Am Bahnhof in Wabern hat es am frühen Sonntagabend einen Bombenalarm gegeben. Ein Zug wurde evakuiert und durchsucht, die Polizei hat aber nichts gefunden. 

Dieser Artikel wird laufend aktualisiert, zuletzt um 11.49 Uhr. Die Ermittlungen laufen noch, sagte Klaus Arend, Sprecher der Bundespolizeiinspektion Kassel. Die Auswertung der Überwachungskameras stehe noch aus. 

Nach Angaben von Bundespolizei und der Polizei in Fritzlar wurden die Einsatzkräfte am Sonntag um 17.48 Uhr alarmiert. Eine türkischsprechende Frau habe demnach in dem Zug der Hessischen Landesbahn, der vom Hauptbahnhof in Kassel in Richtung Treysa fuhr, ein Gespräch dreier ebenfalls türkischsprechender Männer mit angehört. Dabei habe sie verstanden, dass in den nächsten zwei Stunden in einem Zug eine Bombe explodieren würde. Ob es sich dabei um den Zug, in dem sich die Frau befand, handelte, konnte sie aber nicht genau sagen.

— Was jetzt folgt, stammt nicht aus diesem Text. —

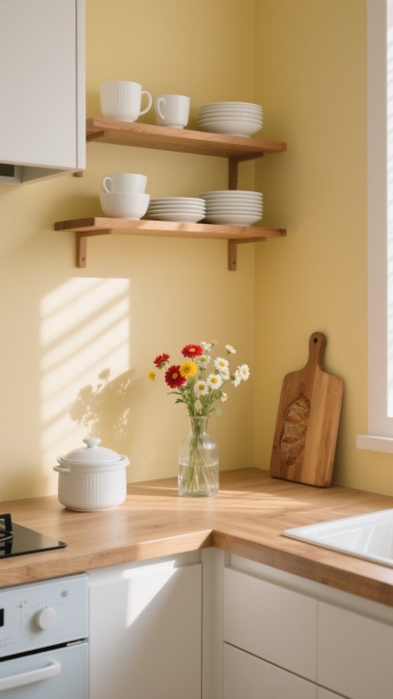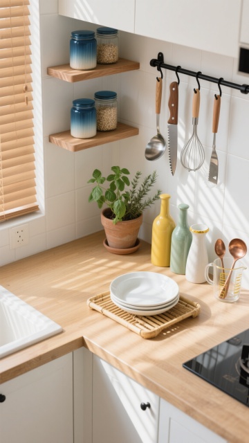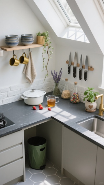 俯视角构图,在一个极简北欧风格的L型厨房转角,阳光从倾斜的天窗洒落形成菱形光斑,照亮深灰色哑光石英石台面。左侧悬挂式置物架上,三个手工陶瓷碗(灰蓝渐变釉面)叠放成螺旋状,旁边倒挂着两个黄铜咖啡杯和一把竹纤维餐布。右侧墙面安装着模块化磁吸刀架,整齐吸附着五把不同尺寸的日本旬刀,刀刃反射出冷冽的金属光泽。台面上,几何造型的白色珐琅锅旁散落着几颗带叶草莓,透明玻璃量杯里盛着琥珀色蜂蜜,旁边是一株垂吊的佛珠吊兰,藤蔓自然垂落在台角。开放式层板上,三个锥形玻璃瓶分别装着薰衣草干花、燕麦片和彩色藜麦,右侧迷你陶瓷花盆里的罗勒正舒展着心形叶片。地面浅灰色六边形瓷砖与墙面白色文化石形成材质对比,角落的橄榄绿垃圾桶与黄铜水龙头形成低调的色彩呼应,整体空间通过非对称平衡营造出有序的生活韵律感。
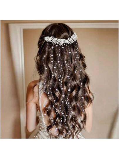 Handgjort elegant brudpärlhårband med tofs, bröllopshåraccessoarer hårkammar för kvinnor alla hjärtans dag-accessoarer - Vitt - Visa 1
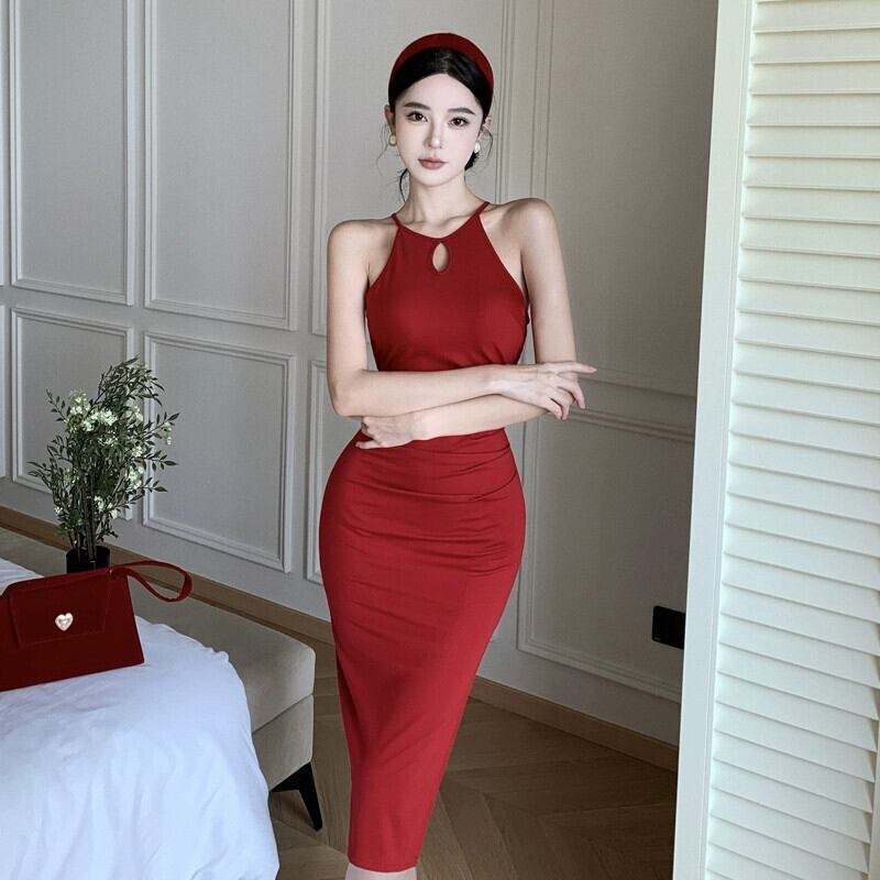 夏の婦人服 2023 新しいハイコールドロイヤルシスタースタイル気質女神ファンセクシーな中空スリットハンギングネックドレス サマー 夏物 yeyij71015587680

Die Frau informierte den Zugbegleiter, der die Bundespolizei alarmierte. Der Zug wurde daraufhin in Wabern gestoppt und evakuiert. Mit Hilfe eines Sprengstoffsuchhundes wurde die Bahn abgesucht - gefunden wurde aber nichts. Nach etwa einer Stunde konnten die Reisenden wieder zurück in den Zug und weiterfahren. 

Derzeit werde geprüft, welchen Hintergrund das Gespräch zwischen den drei Männern hatte. Die Polizei hätte den Hinweisen der Zeugin nachgehen müssen, begründete er den Einsatz am Sonntagabend. Grundsätzlich bestünde zwar immer eine Gefahr. Aber dennoch gibt der Polizeisprecher Entwarnung: "Es gibt keine Hinweise auf eine konkrete Gefährdung in Zügen", sagte Arend. 

Personenbeschreibung

Die drei Männer sind laut Bundespolizei in Wabern und Gensungen ausgestiegen. Zeugen beschreiben die drei südländisch aussehenden Männer als mittelgroß - etwa zwischen 1,60 und 1,70 Meter - , zwei sollen zwischen 40 und 50 Jahren alt gewesen sein. Die Polizei hat in den Orten und der näheren Umgebung bis etwa 20.30 Uhr nach den Männern gefahndet, die Suche wurde am Sonntagabend aber eingestellt. Einer der Männer soll mit einem Bus in Richtung Fritzlar weitergefahren sein, aber auch die entsprechende Suche nach diesem Hinweis verlief ohne Erfolg. 

Wie Dieter Schwan, Sprecher der Bundespolizeidirektion Koblenz, der die Bundespolizeidienststelle Kassel zugeordnet ist, sagte, wird am Montag damit begonnen, die Videoaufzeichnungen aus der Bahn auszuwerten. "Wir nehmen die Sache sehr ernst  - und müssen das auch in der heutigen Zeit", sagte er gegenüber der HNA. 

Züge werden überwacht

Die Aktion dauert nach Angaben der Bundespolizei über den Sonntagabend hinweg an. Weil sich die Äußerungen der Männer nicht auf einen Zug eingrenzen ließen, sei das Zugpersonal der anderen Verkehrsunternehmen entsprechend sensibilisiert worden. Zudem würden die Folgezüge, die in Richtung Frankfurt bzw. Treysa fahren, für den restlichen Abend überwacht.